Entonces era común que la clase media cambiara el carro todos los años, lo que generaba un importante mercado de automóviles de segunda mano al alcance de los pobres pero honrados. Lo normal era que al salir de la agencia el vehículo perdiera hasta 50% de su valor, lo contrario de lo que ocurre en el socialismo, y que los trabajadores y obreros con algo de tesón y ahorro podían adquirir su carrito, el sueño americano; la casa de platabanda era la realización completa.
En 1961, una camioneta Ford, ranchera de 8 cilindros y 3 velocidades, del año 1953, podía conseguirse por 3.200 bolívares, poco más de la mitad de lo que costaba un Volkswagen escarabajo, de 4 cilindros, nuevo, “de paquete”. Han pasado 56 años, casi 2 generaciones de venezolanos y después de la montaña rusa económica a la que han sometido la moneda, siempre en función de sacarle más provecho a la renta petrolera, con el dinero que antes se compraba un vehículo en buenas condiciones, ahora no alcanza para llevar a la casa un cartón de huevos —¿criollos?—, tampoco una panela de papelón. El fracaso es peor de lo imaginado. Ay, comandante, mande a parar.

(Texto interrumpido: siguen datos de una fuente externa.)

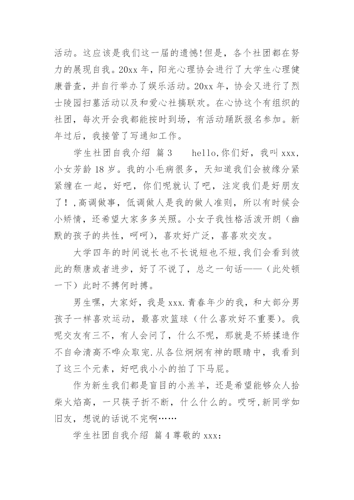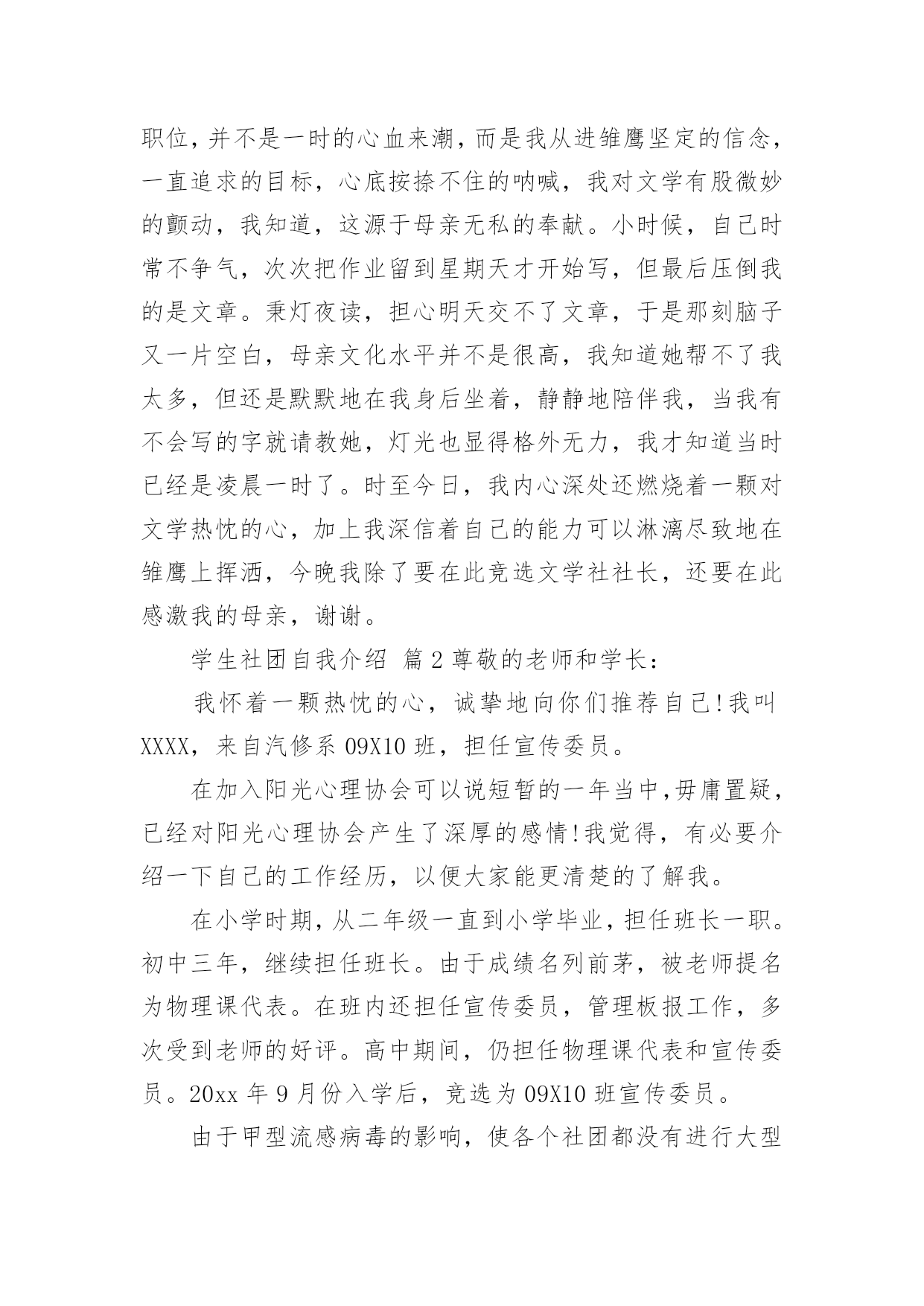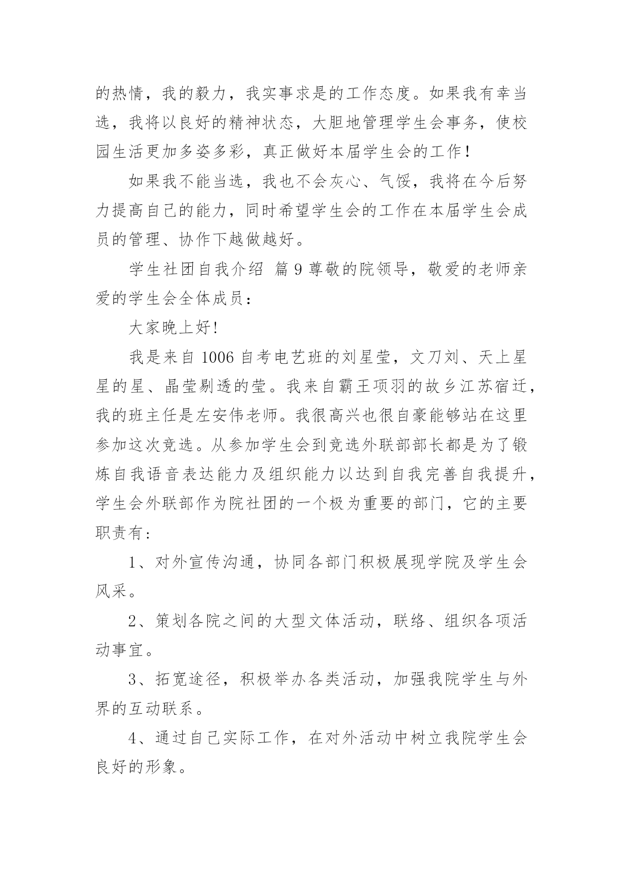 学生社团自我介绍学生社团自我介绍(精选20篇)当到达一个陌生的环境后,进行自我介绍是必不可少的,用自我介绍往往可以来展示自己。相信大家又在为写自我介绍犯愁了吧!下面是小编为大家收集的学生社团自我介绍,欢迎大家分享。学生社团自我介绍篇1尊敬的老师,亲爱的同学们:大家晚上好!我叫邝振涛,是文学社宣传部干事。一年前,我们就是在这个深秋季节进入雏鹰文学社这个大家庭,还记得第一次上台自我介绍,我紧张地连手都不能握紧了,然而一年后,我却是站在这儿大声宣读着我的目标与追求,我要竞选的职位是——第二十届雏鹰文学社社长。我怀着激昂的心情进入文学社,很快融入到大家庭里,并成为学姐学长眼里的“小雏鹰”。在过去的一年,它给我快乐,点滴的经历让我的生活更加丰富多姿,同时认识了不少的朋友;它给我信念,让我知道在未来的生活中要不断地向前迈进,不管前方的路是崎岖,还是平坦的,也要坚定走完全程;它给我责任,让我知道有些成长已经责无旁贷走到我身边了,无法去逃避任何事情;它给我感触,只因它是我灵魂深处最真实的情愫,在我心情低落,消极的时候,只有通过写作,文字与文字的接纳,才能让自己舒坦些而,是雏鹰,是它给我动力,是它让我再次感受到雏鹰情是多么强烈。我为什么要竞选文学社社长呢?对于我而言,竞选这个职位,并不是一时的心血来潮,而是我从进雏鹰坚定的信念,一直追求的目标,心底按捺不住的呐喊,我对文学有股微妙的颤动,我知道,这源于母亲无私的奉献。小时候,自己时常不争气,次次把作业留到星期天才开始写,但最后压倒我的是文章。秉灯夜读,担心明天交不了文章,于是那刻脑子又一片空白,母亲文化水平并不是很高,我知道她帮不了我太多,但还是默默地在我身后坐着,静静地陪伴我,当我有不会写的字就请教她,灯光也显得格外无力,我才知道当时已经是凌晨一时了。时至今日,我内心深处还燃烧着一颗对文学热忱的心,加上我深信着自己的能力可以淋漓尽致地在雏鹰上挥洒,今晚我除了要在此竞选文学社社长,还要在此感激我的母亲,谢谢。学生社团自我介绍篇2尊敬的老师和学长:我怀着一颗热忱的心,诚挚地向你们推荐自己!我叫XXXX,来自汽修系09X10班,担任宣传委员。在加入阳光心理协会可以说短暂的一年当中,毋庸置疑,已经对阳光心理协会产生了深厚的感情!我觉得,有必要介绍一下自己的工作经历,以便大家能更清楚的了解我。在小学时期,从二年级一直到小学毕业,担任班长一职。初中三年,继续担任班长。由于成绩名列前茅,被老师提名为物理课代表。在班内还担任宣传委员,管理板报工作,多次受到老师的好评。高中期间,仍担任物理课代表和宣传委员。20xx年9月份入学后,竞选为09X10班宣传委员。由于甲型流感病毒的影响,使各个社团都没有进行大型活动。这应该是我们这一届的遗憾!但是,各个社团都在努力的展现自我。20xx年,阳光心理协会进行了大学生心理健康普查,并自行举办了娱乐活动。20xx年,协会又进行了烈士陵园扫墓活动以及和爱心社搞联欢。在心协这个有组织的社团,每次开会我都能按时到场,有活动踊跃报名参加。新年过后,我接管了写通知工作。学生社团自我介绍篇3hello,你们好,我叫xxx,小女芳龄18岁。我的小毛病很多,天知道我们会被缘分紧紧缠在一起,好吧,你们呢就认了吧,注定我们是好朋友了!,高调做事,低调做人是我的做人准则,所以有时候会小矫情,还希望大家多多关照。小女子我性格活泼开朗(幽默的孩子的共性,呵呵),喜欢好广泛,喜喜欢交友。大学四年的时间说长也不长说短也不短,我们会看到彼此的颓唐或者进步,好了不说了,总之一句话——(此处顿一下)此时不搏何时搏。男生嘿,大家好,我是xxx.青春年少的我,和大部分男孩子一样喜欢运动,最喜欢篮球(什么喜欢好不重要)。我呢交友有三不,有人会问了,什么不呢,那就是不矫揉造作不自命清高不哗众取宠.从各位炯炯有神的眼睛中,我看到了这三个元素,好吧我小小的拍了下马屁。作为新生我们都是盲目的小羔羊,还是希望能够众人拾柴火焰高,一只筷子折不断,什么什么的。哎呀,新同学如旧友,想说的话说不完啊……学生社团自我介绍篇4尊敬的xxx:您好!我叫xxx,在法语系学习,有相当好的语言功底,和外教沟通很好,热情开朗,喜欢交朋友。我从小立志刻苦学习,将来一定要成为国家栋梁之才。我在中学学习期间不但是一名学习认真,品学兼优的好学生,而且是一个小有名气的“交友家”。此外,我的特长是英文,爱好是篮球,特别是在比赛场上更能表现我的不怕苦不怕累和团队精神。世上最怕的就是“认真”二字,xx是一个做事认真的人,总是执着地带着激情学习。自我认为可塑性强,接受新知识新环境的能力强,可以认真地说,你教我什么,我懂什么,你让我做什么,我能做好什么,这就是我的可塑性。尽管我煞费苦心把自己介绍给x,用意是不言而喻的:希望您能赏识我,接收我。学生社团自我介绍篇5在

Los cálculos de los economistas, ese sector del conocimiento que el chavismo persigue con la misma rabia que agrede a médicos, periodistas y científicos, dicen que en los últimos 17 años han ingresado al país más de un billón y medio de dólares, tanto por petróleo como por deuda externa. Las cifras de Jorge Giordani, el técnico superior en electrónica que convirtió en menos que un impulso eléctrico el próspero sector financiero venezolano, indican que más de 600 millardos de dólares que fueron asignados teóricamente para la adquisición de alimentos, materia prima, maquinarias, medicinas, tecnología y otros bienes imprescindibles los manejaron empresas de maletín, que no son sucursales de transnacionales, sino mamparas de funcionarios, capitostes del PSUV, militares con poder —no todos lo tienen— y amigos cubanos que están en la movida, en el “ñemeo”. Y no llegó nada de lo que “compraron”, quizás agua salada.
El desfalco tiene ribetes de saqueo generalizado. El país, sus fondos públicos y privados, ha devenido en inmenso botín mientras su población languidece de hambre y enfermedades —niños famélicos que mueren de diarrea y otros males gastrointestinales que se curan con un sobrecito que vale menos de cinco centavos de dólar en el mercado internacional—, sin importar que sean los “dueños” de las mayores reservas petroleras del mundo y posean ingentes recursos mineros y acuíferos, un inmenso mar de infinitas posibilidades pesqueras y turísticas, entre otras muchas opciones productivas.
Sometidos a la peregrinación de una ideología fracasada, los gobernantes han respondido con más controles en la distribución y más injerencia en los procesos de producción. El fracaso será peor, ahora con el fusil al hombro y el estómago vacío. Permuto un litro de kerosén por medio vaso de leche, también acepto chicha industrial.